#### TASK TO COMPLETE
Provide again, from the entries below, every line from the one containing "劉敏一襲藍紗遮體寫(xiě)真 膚若凝脂宛若海之精靈" through the one containing "Vỏ đầu cáp trong", exactly as written, and no other line.

#### SUPPLIED RECORDS
_ _ _ _
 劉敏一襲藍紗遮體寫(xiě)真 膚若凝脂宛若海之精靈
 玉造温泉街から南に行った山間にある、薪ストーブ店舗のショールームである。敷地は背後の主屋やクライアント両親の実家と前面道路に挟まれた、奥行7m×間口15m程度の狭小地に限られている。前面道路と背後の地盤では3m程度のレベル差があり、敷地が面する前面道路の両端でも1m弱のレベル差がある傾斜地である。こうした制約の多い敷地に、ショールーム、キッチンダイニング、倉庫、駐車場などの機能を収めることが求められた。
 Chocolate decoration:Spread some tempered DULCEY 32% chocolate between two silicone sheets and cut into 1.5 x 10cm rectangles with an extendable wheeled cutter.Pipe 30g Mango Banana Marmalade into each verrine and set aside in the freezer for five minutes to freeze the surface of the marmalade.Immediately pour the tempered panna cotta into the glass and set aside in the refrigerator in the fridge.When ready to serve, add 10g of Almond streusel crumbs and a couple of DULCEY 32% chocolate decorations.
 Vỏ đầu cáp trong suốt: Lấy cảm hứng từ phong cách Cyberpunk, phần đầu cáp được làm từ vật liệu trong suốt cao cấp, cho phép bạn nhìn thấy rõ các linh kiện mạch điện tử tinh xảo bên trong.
_ _ _ _
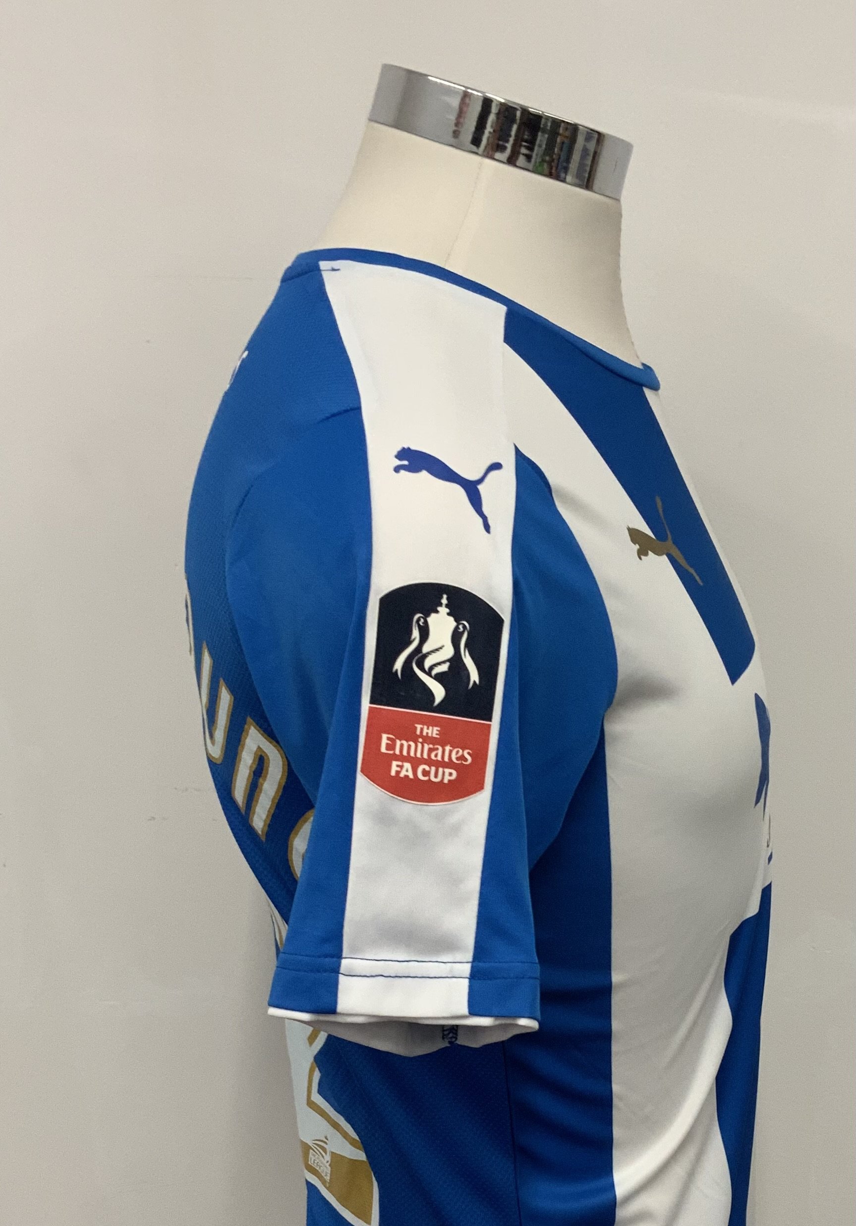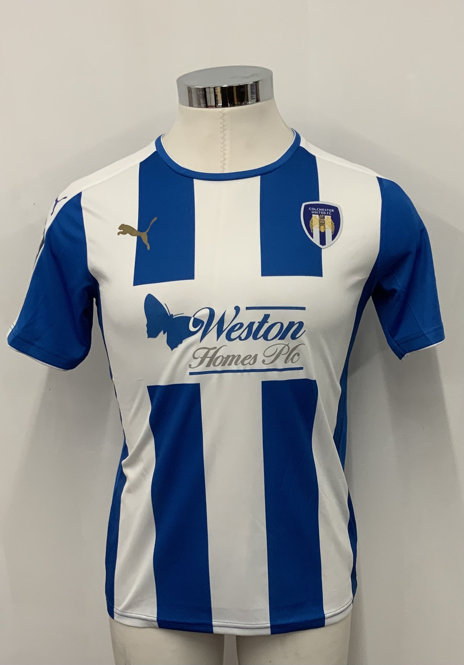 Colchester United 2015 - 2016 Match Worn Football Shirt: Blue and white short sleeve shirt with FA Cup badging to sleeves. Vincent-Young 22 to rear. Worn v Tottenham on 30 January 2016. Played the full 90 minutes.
_ _ _ _
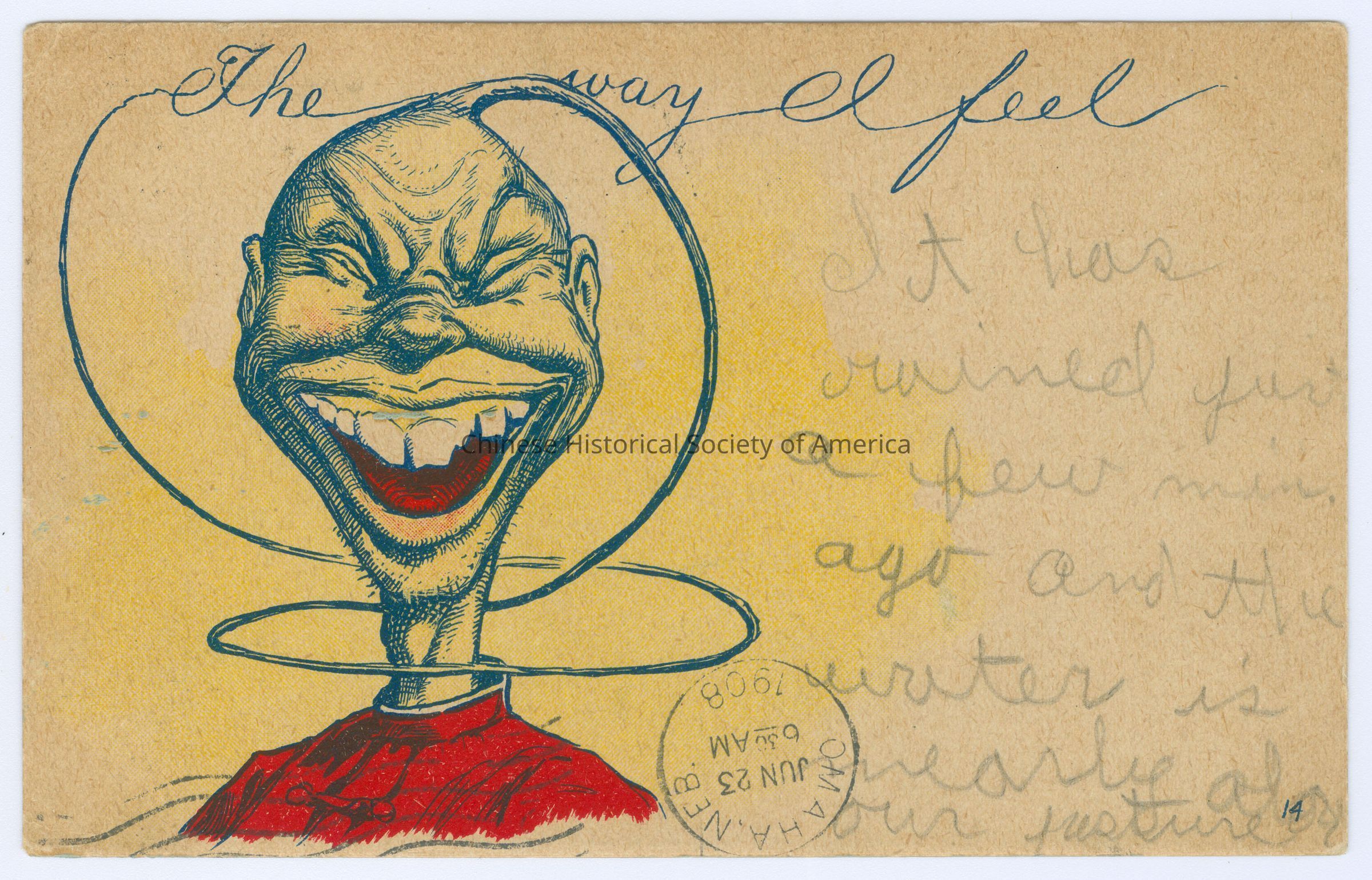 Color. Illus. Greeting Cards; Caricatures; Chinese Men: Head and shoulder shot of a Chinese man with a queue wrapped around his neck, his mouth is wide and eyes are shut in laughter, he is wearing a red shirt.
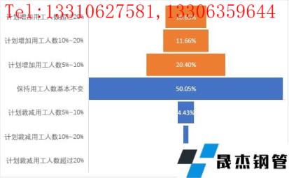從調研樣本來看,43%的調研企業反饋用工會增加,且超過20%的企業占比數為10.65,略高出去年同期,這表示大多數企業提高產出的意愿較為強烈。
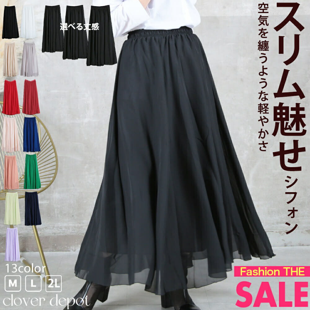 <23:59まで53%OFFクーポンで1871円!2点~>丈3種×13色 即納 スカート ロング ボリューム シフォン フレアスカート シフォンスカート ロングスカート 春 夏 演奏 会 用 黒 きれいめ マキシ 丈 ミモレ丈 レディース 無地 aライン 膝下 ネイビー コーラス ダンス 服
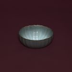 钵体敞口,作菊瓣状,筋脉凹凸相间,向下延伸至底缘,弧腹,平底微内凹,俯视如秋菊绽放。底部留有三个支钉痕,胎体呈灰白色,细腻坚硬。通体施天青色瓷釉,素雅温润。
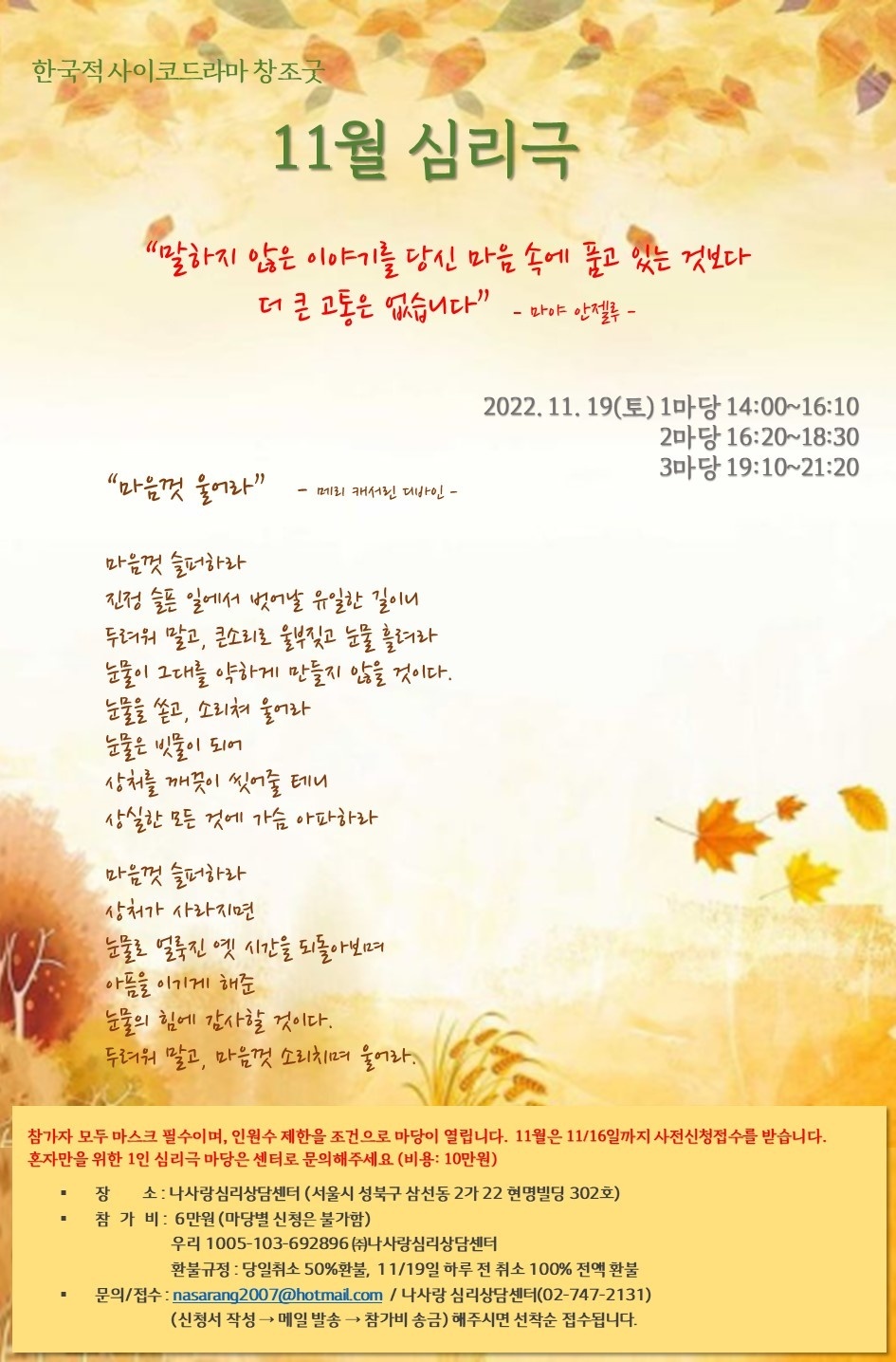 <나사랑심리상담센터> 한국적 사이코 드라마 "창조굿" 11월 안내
_ _ _ _
#### OUTPUT OF THE TASK
 劉敏一襲藍紗遮體寫(xiě)真 膚若凝脂宛若海之精靈
 玉造温泉街から南に行った山間にある、薪ストーブ店舗のショールームである。敷地は背後の主屋やクライアント両親の実家と前面道路に挟まれた、奥行7m×間口15m程度の狭小地に限られている。前面道路と背後の地盤では3m程度のレベル差があり、敷地が面する前面道路の両端でも1m弱のレベル差がある傾斜地である。こうした制約の多い敷地に、ショールーム、キッチンダイニング、倉庫、駐車場などの機能を収めることが求められた。
 Chocolate decoration:Spread some tempered DULCEY 32% chocolate between two silicone sheets and cut into 1.5 x 10cm rectangles with an extendable wheeled cutter.Pipe 30g Mango Banana Marmalade into each verrine and set aside in the freezer for five minutes to freeze the surface of the marmalade.Immediately pour the tempered panna cotta into the glass and set aside in the refrigerator in the fridge.When ready to serve, add 10g of Almond streusel crumbs and a couple of DULCEY 32% chocolate decorations.
 Vỏ đầu cáp trong suốt: Lấy cảm hứng từ phong cách Cyberpunk, phần đầu cáp được làm từ vật liệu trong suốt cao cấp, cho phép bạn nhìn thấy rõ các linh kiện mạch điện tử tinh xảo bên trong.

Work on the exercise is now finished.